* [TASK STATEMENT]: Below are the entries. Print only the lines starting at the one with "Ein passender, verstellbarer" and ending at the one with "孩子们亲手将茄子放入锅中,不一会儿茄子的香味就慢慢飘出。", exactly, with no pictures.

------ DATA RECORDS ------

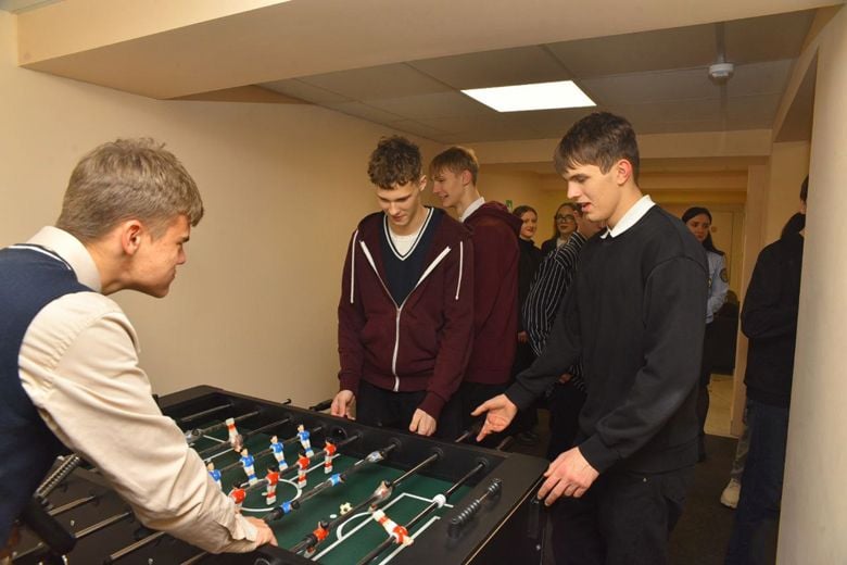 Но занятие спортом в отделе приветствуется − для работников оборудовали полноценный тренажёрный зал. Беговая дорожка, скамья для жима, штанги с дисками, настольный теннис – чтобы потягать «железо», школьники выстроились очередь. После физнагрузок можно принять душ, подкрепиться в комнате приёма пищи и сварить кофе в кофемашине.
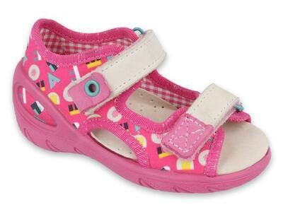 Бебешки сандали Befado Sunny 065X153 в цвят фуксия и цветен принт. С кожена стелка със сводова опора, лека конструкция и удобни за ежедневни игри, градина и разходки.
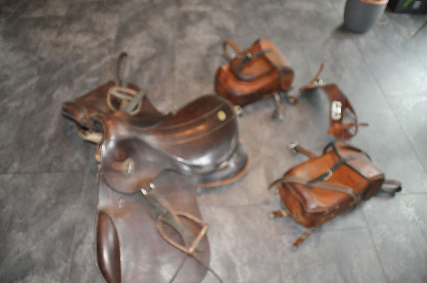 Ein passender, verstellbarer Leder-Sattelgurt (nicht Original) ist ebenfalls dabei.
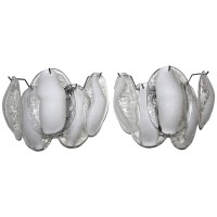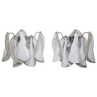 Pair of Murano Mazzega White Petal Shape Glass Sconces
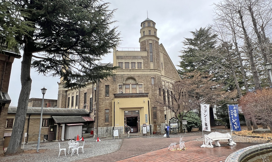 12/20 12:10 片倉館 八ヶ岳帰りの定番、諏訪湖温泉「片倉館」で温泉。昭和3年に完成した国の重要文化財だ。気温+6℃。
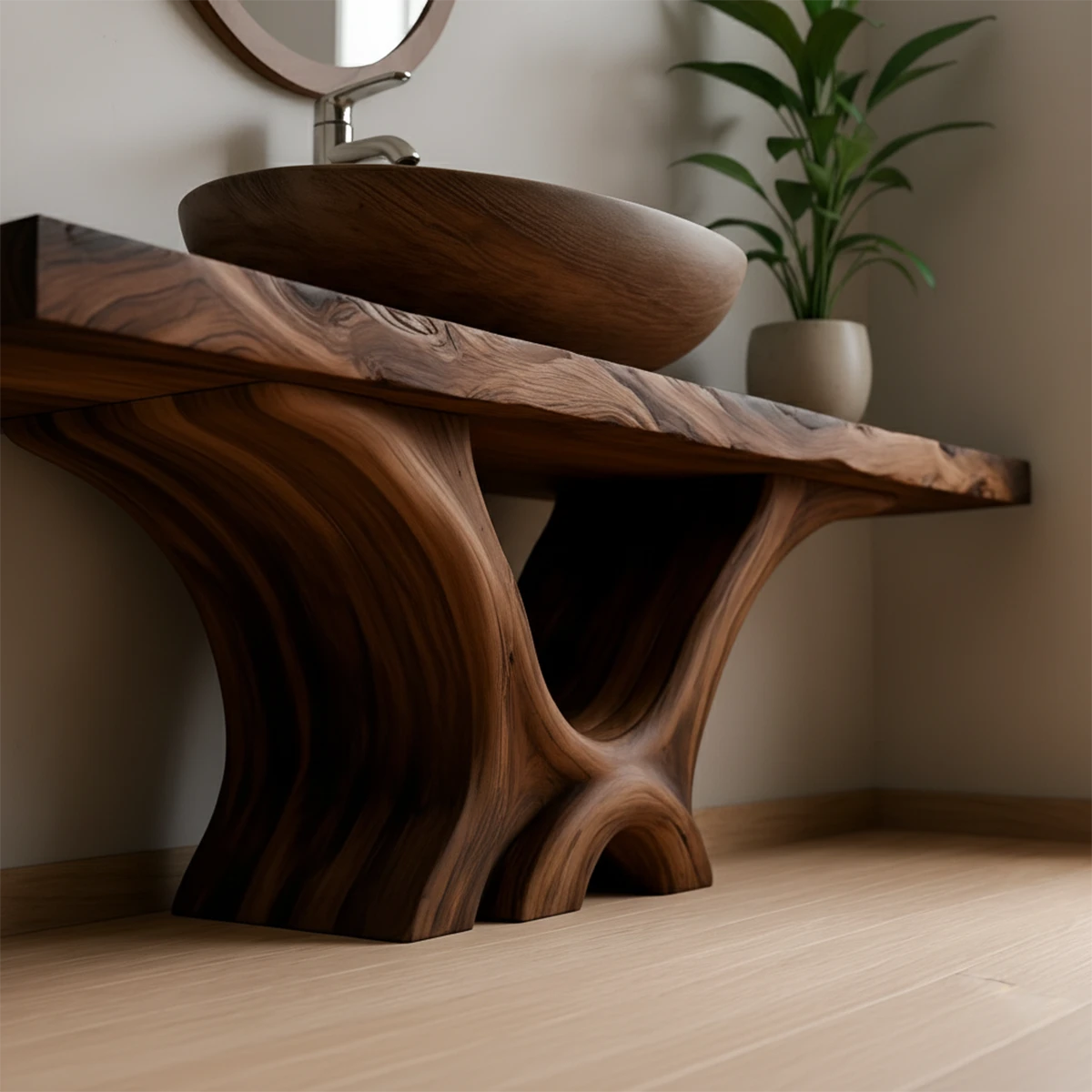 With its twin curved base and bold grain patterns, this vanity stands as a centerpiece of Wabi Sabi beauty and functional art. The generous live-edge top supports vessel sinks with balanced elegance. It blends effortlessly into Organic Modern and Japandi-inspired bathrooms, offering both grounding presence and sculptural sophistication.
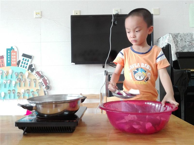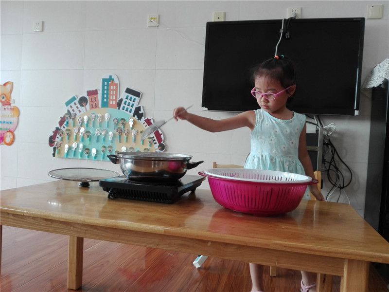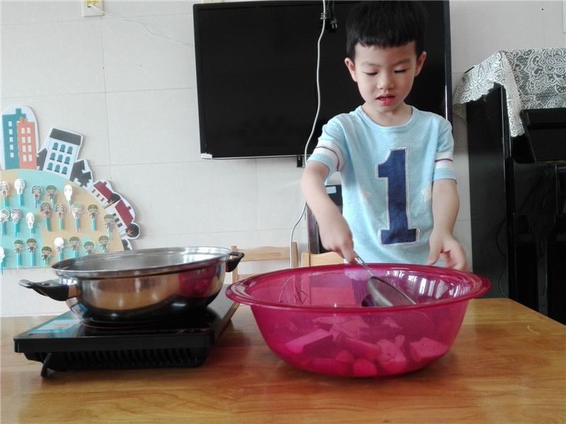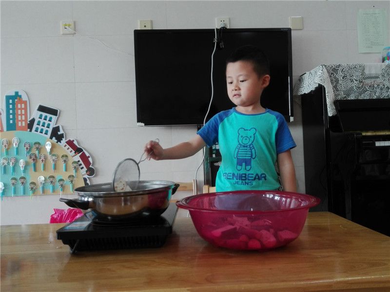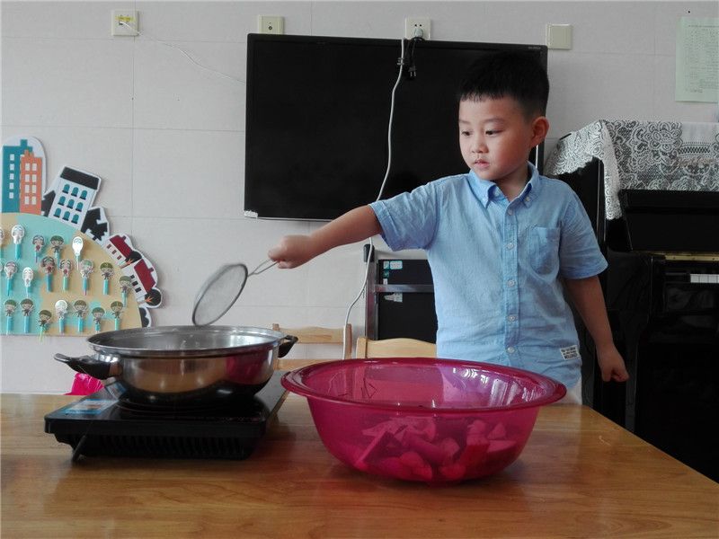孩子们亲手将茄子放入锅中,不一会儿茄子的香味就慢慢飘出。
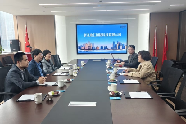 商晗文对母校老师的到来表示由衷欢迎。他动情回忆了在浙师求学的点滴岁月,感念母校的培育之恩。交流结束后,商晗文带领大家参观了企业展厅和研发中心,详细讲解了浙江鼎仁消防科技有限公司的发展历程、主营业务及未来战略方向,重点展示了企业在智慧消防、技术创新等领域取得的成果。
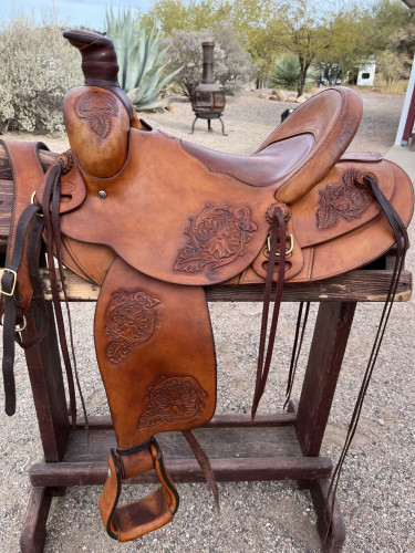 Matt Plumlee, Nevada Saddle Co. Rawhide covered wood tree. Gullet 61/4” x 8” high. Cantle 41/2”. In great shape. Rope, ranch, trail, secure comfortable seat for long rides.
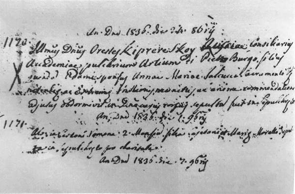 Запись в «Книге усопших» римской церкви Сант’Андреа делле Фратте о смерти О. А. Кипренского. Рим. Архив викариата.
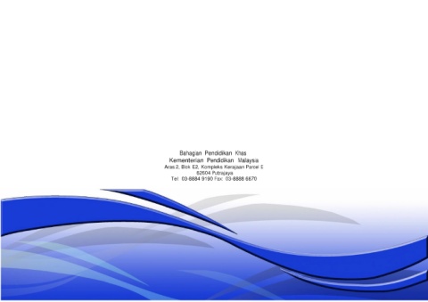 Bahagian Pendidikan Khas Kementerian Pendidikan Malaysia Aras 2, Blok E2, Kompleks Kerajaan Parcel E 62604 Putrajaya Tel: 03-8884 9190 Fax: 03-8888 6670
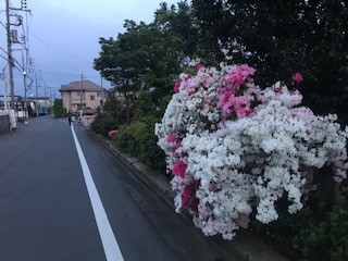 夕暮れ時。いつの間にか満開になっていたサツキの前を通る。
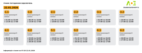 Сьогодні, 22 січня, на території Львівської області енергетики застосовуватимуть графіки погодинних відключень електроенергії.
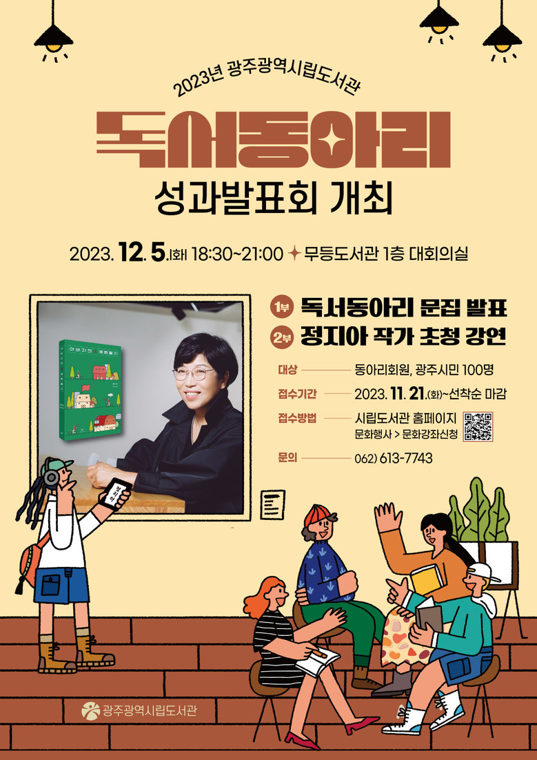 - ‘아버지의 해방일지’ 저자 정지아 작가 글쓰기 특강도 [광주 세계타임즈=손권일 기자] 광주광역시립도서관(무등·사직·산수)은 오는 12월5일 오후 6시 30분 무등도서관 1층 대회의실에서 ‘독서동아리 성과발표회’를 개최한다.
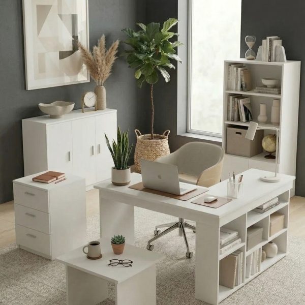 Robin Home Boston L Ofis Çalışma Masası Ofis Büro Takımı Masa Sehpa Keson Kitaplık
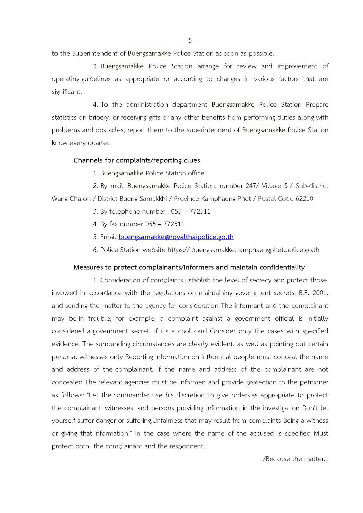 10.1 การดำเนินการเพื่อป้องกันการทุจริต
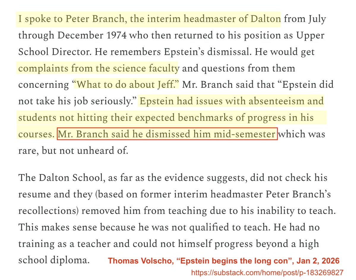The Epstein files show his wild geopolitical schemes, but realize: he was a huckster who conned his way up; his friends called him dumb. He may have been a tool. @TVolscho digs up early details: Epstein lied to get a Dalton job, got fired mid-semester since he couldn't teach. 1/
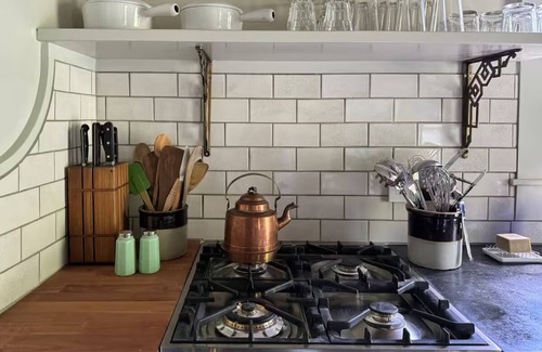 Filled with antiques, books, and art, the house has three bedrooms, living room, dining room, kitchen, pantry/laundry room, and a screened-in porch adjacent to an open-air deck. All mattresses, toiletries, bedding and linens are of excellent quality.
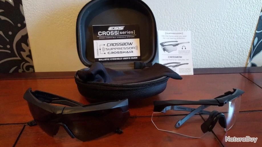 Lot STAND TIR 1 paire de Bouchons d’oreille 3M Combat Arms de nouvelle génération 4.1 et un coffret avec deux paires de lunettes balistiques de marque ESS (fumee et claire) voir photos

------

* [EXERCISE RESULT]:
 Ein passender, verstellbarer Leder-Sattelgurt (nicht Original) ist ebenfalls dabei.
 Pair of Murano Mazzega White Petal Shape Glass Sconces
 12/20 12:10 片倉館 八ヶ岳帰りの定番、諏訪湖温泉「片倉館」で温泉。昭和3年に完成した国の重要文化財だ。気温+6℃。
 With its twin curved base and bold grain patterns, this vanity stands as a centerpiece of Wabi Sabi beauty and functional art. The generous live-edge top supports vessel sinks with balanced elegance. It blends effortlessly into Organic Modern and Japandi-inspired bathrooms, offering both grounding presence and sculptural sophistication.
孩子们亲手将茄子放入锅中,不一会儿茄子的香味就慢慢飘出。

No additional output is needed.